I broke down page by page the report where you said it addressed the data. You said the data was started on page 51 and that was not the case. There seems to be some miscommunication there, so fair enough.
I never made that claim. You might be confusing me with someone else, which everyone has done at some point. Go back and you will see that I never took a stance.
Oh but you did.
This you just said is wrong, and I will explain why. The percent of the population that receives welfare is pretty flat. Its true that people are on it for a few months, and then go off. The problem, is that they then go back on. To say that the average user is only on it for 4 months is misleading, if over a 5 year span the person would have been on it for 20 months in 4 month increments. Its late and I am not going to look up the actual figures right now, but you can find them pretty easy. I know its something pretty close to 30% who leave welfare come back around 1 years, time, and over 50% come back in 5 years.
Also, the major people leave welfare is because they find a job. I see why you would make the assumption its for more money, because it could be, but that is not 100% correct either. When you look at after tax income, it is often that they end up making less money.

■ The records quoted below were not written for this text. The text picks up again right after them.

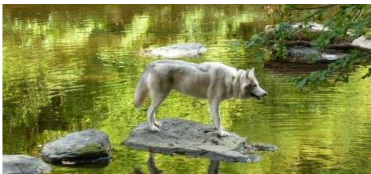
Chey en pelage d'été et d'hiver

grognement. J'étais effrayée sur le moment, est-ce normal? Il s'est avéré que oui. Chey peut se montrer très grincheuse, c'est sa façon de répondre à mes câlins. Lorsque je joue avec elle, il lui arrive de me montrer les dents comme si elle allait me dévorer mais c'est juste un amusement pour elle. Elle me mord légèrement avec un air féroce et cependant, elle est aussi joueuse qu'un chaton.
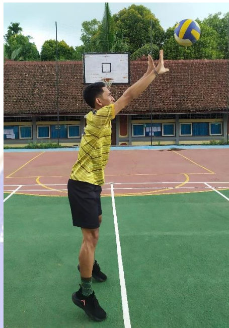
Gambar 03. Gerakan lanjutan teknik dasar passing atas
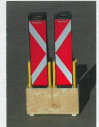
für 6 Stück
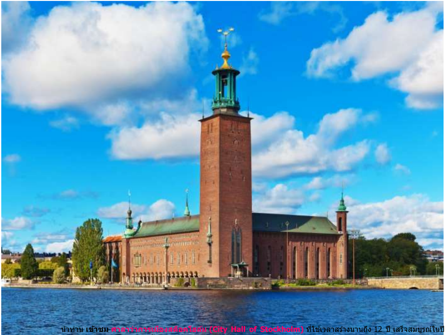
นำท่าน เข้าชม ศาลาว่าการเมืองสต็อกโฮล์ม (City Hall of Stockholm) ที่ใช้เวลาสร้างนานถึง 12 ปี เสร็จสมบูรณ์ในปี 1923 ออกแบบโดยสถาปนิกชื่อดังของประเทศสวีเดน ชื่อ เรกนาร์ ออสต์เบิร์ก (Ragnar Ostberg) สร้างด้วยอิฐแดงกว่า 8 ล้าน

กลางวัน บริการอาหารกลางวัน ณ ภัตตาคาร (อาหารจีน)
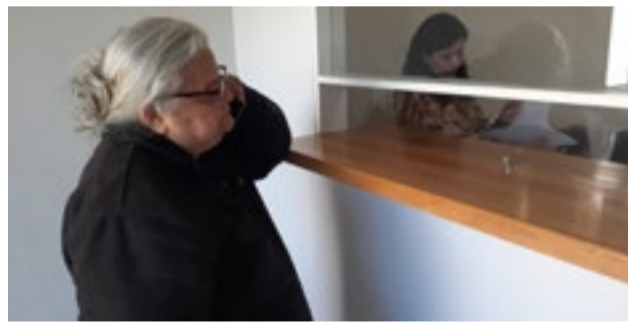
En Río Grande y Ushuaia, jubiladas y jubilados estuvieron recolectando firmas para reclamar una serie de medidas por la situación de la obra social.

Destacando que "el amparo queremos hacerlo en forma colectiva, de todos los compañeros, allí pedimos la restitución, como dije recién, de toda esta situación de salud, como ser medicación, también las especialidades que no hay, principalmente la de salud mental, la de psicólogo, psiquiatra, fonoau-
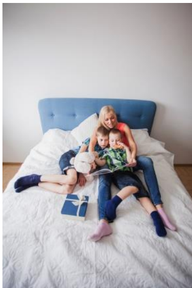
Они читают книгу, лёжа на кровати.
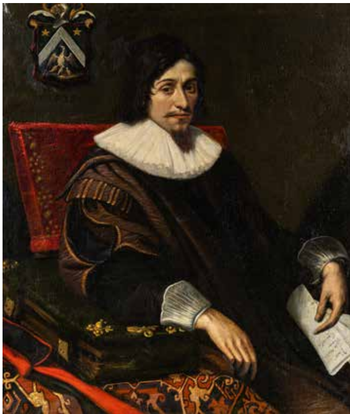
17 - Jean CHALETTE (Troyes 1581 – Toulouse 1643) Portrait de François de Sabateri Sur sa toile d'origine 111 x 98 cm Signé en bas à gauche sur le livre CHALETTE pinxit Restaurations

Un autre portrait de François de Sabateri très similaire au notre se trouve dans une représentation collective des Capitouls de l'année 1627 peint par Jean Chalette (voir C. Cau, Les Capitouls de Toulouse, Toulouse, 1990, p. 118, reproduit).
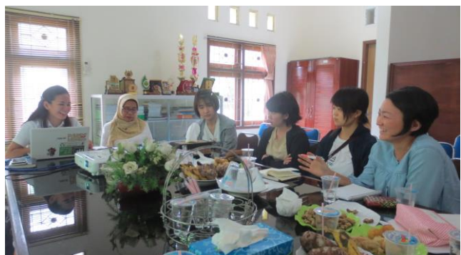
JICA 青年海外協力隊員と意見交換
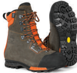
BOTAS DE PROTEÇÃO EM COURO COM PROTEÇÃO CONTRA MOTOSSERRA, FUNCIONAL 24 597 65 93-47
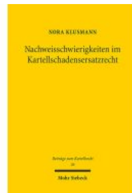
Nachweisschwierigkeiten im Kartellschadensersatzrecht Ladenpreis: 81,30EUR
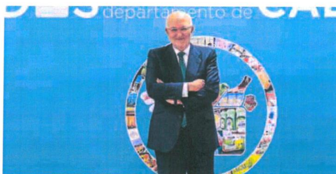
Juan Roig, ayer, durante la presentación en Valencia de los resultados económicos de Mercadona en 2021.
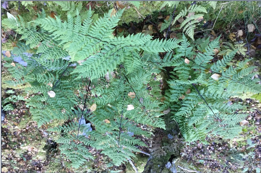
Bruntelg Dryopteris expansa (NT) funnet ved Grisetstranda naturreservat.
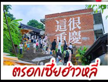
ตรอกซี่ย่าวหลี่
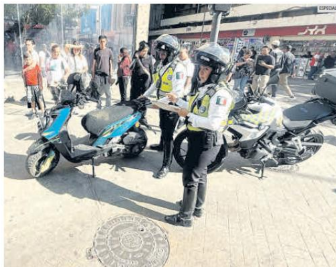
OPERATIVOS. Agentes de la Policía Vial multan a motociclistas en el Centro Histórico de Guadalajara, donde se detectaron infracciones como no portar casco, circular sin placas y estacionarse en sitios prohibidos.
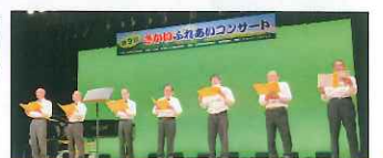
男声歌仲間 キャッスル
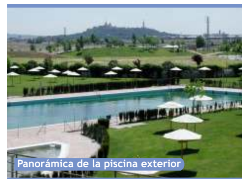
Panorámica de la piscina exterior

Ahora el objetivo es decidir un nuevo modelo de gestión para esta piscina, ya que desde el Consistorio defienden que la mala gestión del anterior Gobierno municipal ha derivado en un
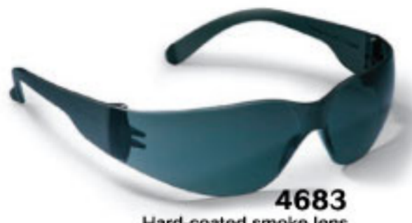
4683 Hard-coated smoke lens
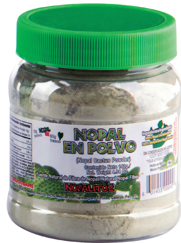
NOPAL EN POLVO 140g
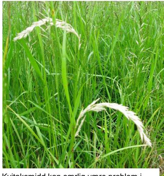
Kvitaksmidd kan særlig være problem i eldre frøeng.

Angrepene av skadeinsekter, spesielt kvitaksmidd , øker normalt utover i engåra. Spesielt stort behov for insektsprøyting vil det være hvis det i tidligere år har vært angrep i området. I forsøk i tredjeårseng har insektsprøyting hatt en klar positiv virkning på frøavlingen, også i de tilfeller hvor en ikke har observert synlige insektskader. Tredjeårs engsvingelfrøeng bør derfor sprøytes med pyretroid, f.eks. Karate 5 CS (15 ml/daa) ved begynnende strekningsvekst i slutten av mai. Denne sprøytinga kan med fordel kombineres med vekstregulering med Moddus (se under). I første- og andreårseng anbefales ikke rutinemessig insektsprøyting.
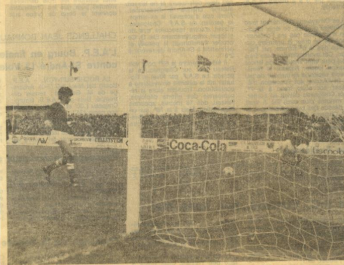
Schmit, en inscrivant ici le deuxième but, rassure les Anglais.

MONTAIGU. — Sélection anglaise bat Israël 2 à 0. Mi-temps, 2-0. Buts : Wall (14'), Smith (25'). Motes romplace Osdone (55'), dans la sélection anglaise. Bon arbitrage de M. Coover.
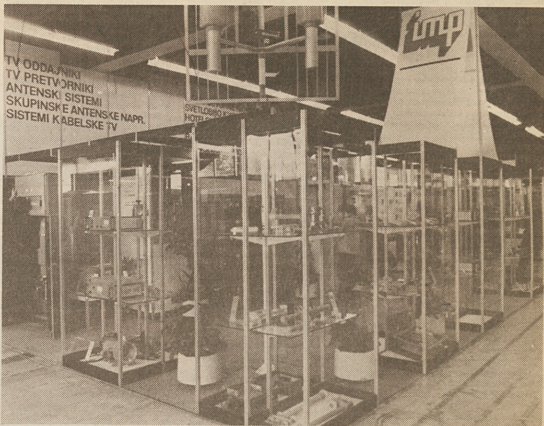
IMP-jev razstavljeni prostor na sejmu Sodobna elektronika, ki je bil na Gospodarskem razstavišču v Ljubljani.

The implication of your statement was that people are not on welfare for very long, but that is not true. If you wanted to say that people were not on welfare for long consistent periods of time, then maybe.
What I did do was to say that the data you were using was not providing a counter to that claim which I think was made by Rudeguy. The original report you posted was about spell duration mainly, and never addressed the long term outside of spell duration.

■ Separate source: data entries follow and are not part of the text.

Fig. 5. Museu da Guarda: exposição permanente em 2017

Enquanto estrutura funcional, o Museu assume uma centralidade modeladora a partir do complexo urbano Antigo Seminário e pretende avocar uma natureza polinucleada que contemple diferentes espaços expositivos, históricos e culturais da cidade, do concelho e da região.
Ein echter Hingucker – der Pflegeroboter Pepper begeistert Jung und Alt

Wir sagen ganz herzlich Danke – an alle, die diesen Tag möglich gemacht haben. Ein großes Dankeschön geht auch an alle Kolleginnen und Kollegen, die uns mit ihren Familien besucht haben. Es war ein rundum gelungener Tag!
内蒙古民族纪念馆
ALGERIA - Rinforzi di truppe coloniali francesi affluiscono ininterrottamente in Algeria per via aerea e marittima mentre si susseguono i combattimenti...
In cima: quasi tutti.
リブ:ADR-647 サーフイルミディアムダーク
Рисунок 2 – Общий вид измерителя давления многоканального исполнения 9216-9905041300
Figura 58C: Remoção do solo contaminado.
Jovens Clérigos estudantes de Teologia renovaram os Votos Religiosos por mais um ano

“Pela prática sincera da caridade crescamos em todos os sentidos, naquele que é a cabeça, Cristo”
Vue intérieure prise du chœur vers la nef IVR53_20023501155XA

Actually it did, you just didn't bother reading it.
This I don't quite understand. Your original report only really looked at single mothers on this topic. Your original claim was...
No, just those particular charts looked at single mothers, you know, the largest users of assistance programs.
I then said...
My claim was that it was not for an increase in real pay, but for other reasons. Page 57 seems to support my claim, but I think you are confused about what my original claim was.

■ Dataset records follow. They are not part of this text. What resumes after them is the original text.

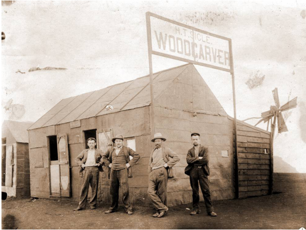
Figuur 3: Krygsgevangenes voor HT Siglé se werkswinkel in die Deadwood-kamp. Die windmeule wat die draaibank binne-in die gebou met windkrag aangedryf het, is duidelik sigbaar by die regterkantste hoek van die gebou

nuwe wending aan die kwantiteit en kwaliteit van produksie verskaf. Spoedig was daar ses windmeulens met draaibanke in die Deadwood-kamp aanwesig. 34
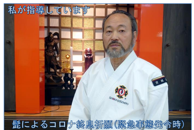
私が指導しています
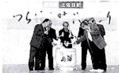
▲11/1 オープニングセレモニー （市商工会駐車場）

市民からのお便り 高知県の玄関でもある空港は、とても美しいと思います。室内の掃除も良くてきてほんとうにすばらしい空港をつくってほしいと思います。
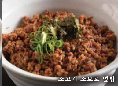
소고기 소보로 덮밥
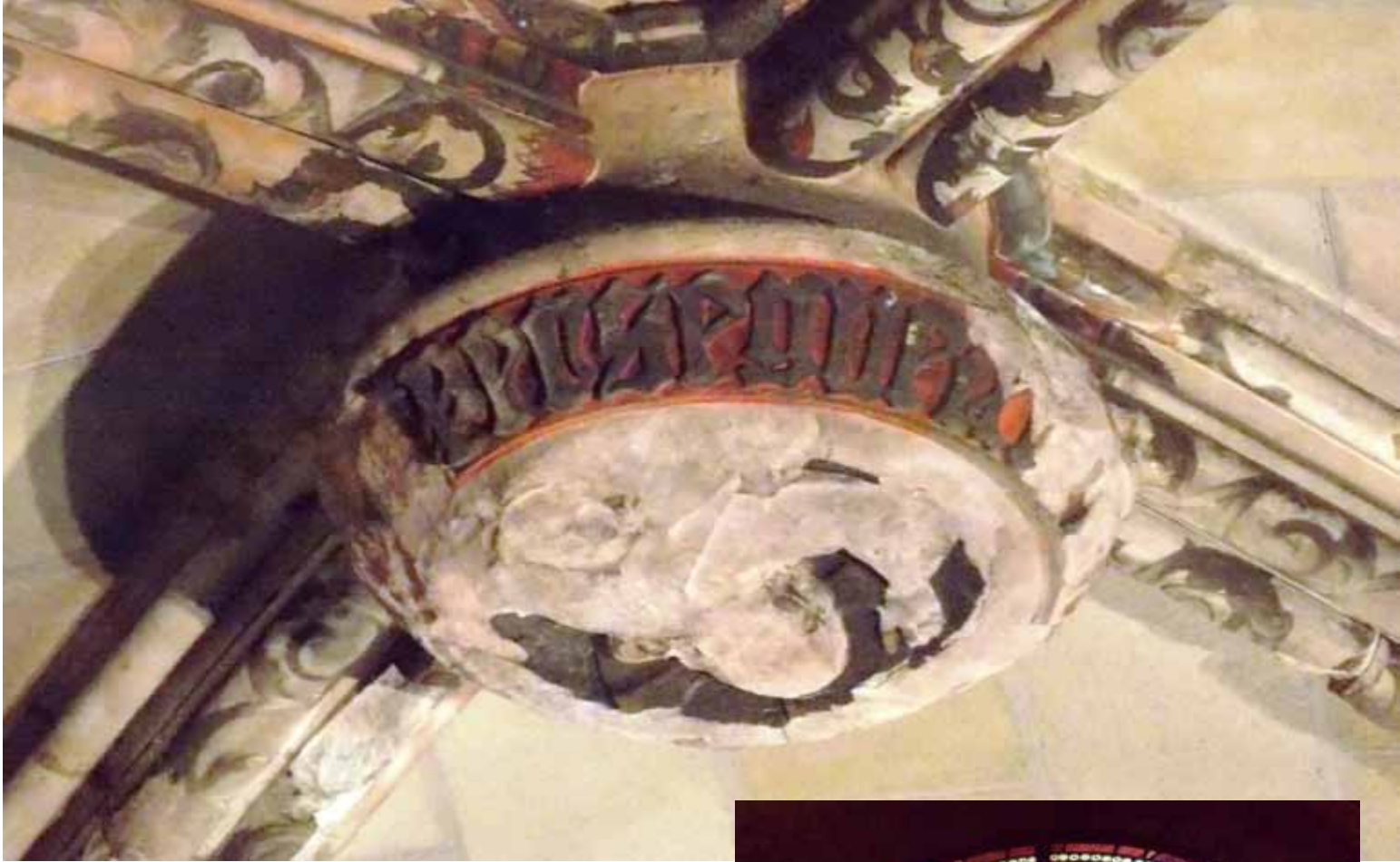
Ceiling detail still shows the remains of the fire in 1909

Sant Pau del Camp has witnessed key episodes in the history of Catalonia. Centuries later of Almanzor sacking the Catalan Government took refuge in the building when the siege of 1714. Should be noted that between 1680 and 1683 the Sant Pau abbot Josep Sastre i Prats was president of the Generalitat. His tombstone can still be seen in a corner of the cloister.

I never claimed to agree with Rudeguy. What I did was to point out the flaw in your argument with the data you provided. What I can say is that there are people who have become dependent on welfare programs. I wont go into what would happen if those programs were not around, but I think even you would agree that there are people who live off of the programs. Where I jumped in was when Rudeguy said the following.
No that's not what rudeguy claimed, his post:
Poverty should be a temporary circumstance. Welfare should be a system to get people out of poverty. Instead society has made welfare a lifetime source of easy income and people have discovered that a lot of times it's easier to be poor than to work.
So welfare is indeed a temporary circumstance and it certainly isn't some societal institution for easy money.
In that comment from post 245 he did not make a claim of how many people are like this, but it is in the data that shows that some do live off of welfare. Your response in post 246 did not in any way counter this statement which was the implicit purpose in your response.
Fanfuckingtastic! And some people fuck goats? Your point and his about some people means exactly what to the discussion? It certainly doesn't mean shit in the context of his post! You can claim it does but you'd be lying to yourself.